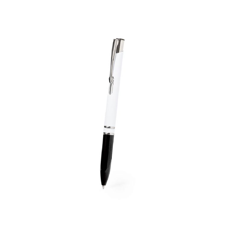 Stylo à bille élégant avec mécanisme à bouton-poussoir. Avec corps finition blanc brillant et poignée dans une large gamme de couleurs. Fabriqué en ABS résistant avec une finition brillante. Avec charge jumbo et encre bleue.
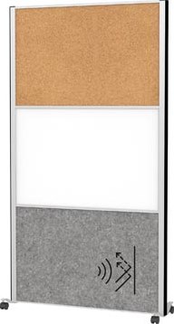 Samenstelling: 1 x whiteboard, 1 x kurk paneel, akoestisch donkergrijs paneel , frame zilver, mobiel
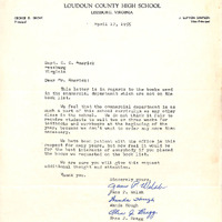 Letter, April, 1955, Loudoun County, High School, Leesburg, Virginia, concerns, textbooks, commercial department, educators, approved list
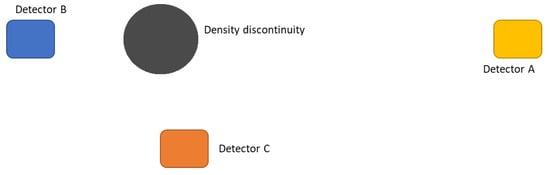 Schematic of the simulated scenario. Detectors (not in scale) placed in the positions A, B and C.
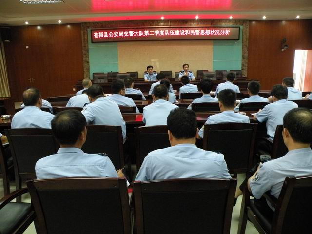 6月23日,苍梧交警大队组织全体民警召开了第二季度队伍建设和民警思想状况分析会议。会议由县公安局党委委员、交警大队大队长莫观生主持,教导员黎露作队伍建设和民警思想状况分析。
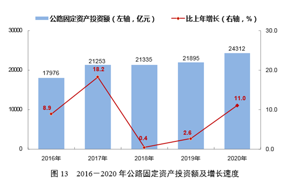 全年完成公路固定資產(chǎn)投資24312億元,比上年增長(zhǎng)11.0%。其中,高速公路完成13479億元,增長(zhǎng)17.2%;普通國(guó)省道完成5298億元,增長(zhǎng)7.6%;農(nóng)村公路完成4703億元,增長(zhǎng)0.8%。
__________
Exercise description: What is needed is a word-for-word restatement of the lines from the one holding "6月23日,苍梧交警大队组织" to the final line of the data above, inclusive, without any pictures.

Solution:
 6月23日,苍梧交警大队组织全体民警召开了第二季度队伍建设和民警思想状况分析会议。会议由县公安局党委委员、交警大队大队长莫观生主持,教导员黎露作队伍建设和民警思想状况分析。
 全年完成公路固定資產(chǎn)投資24312億元,比上年增長(zhǎng)11.0%。其中,高速公路完成13479億元,增長(zhǎng)17.2%;普通國(guó)省道完成5298億元,增長(zhǎng)7.6%;農(nóng)村公路完成4703億元,增長(zhǎng)0.8%。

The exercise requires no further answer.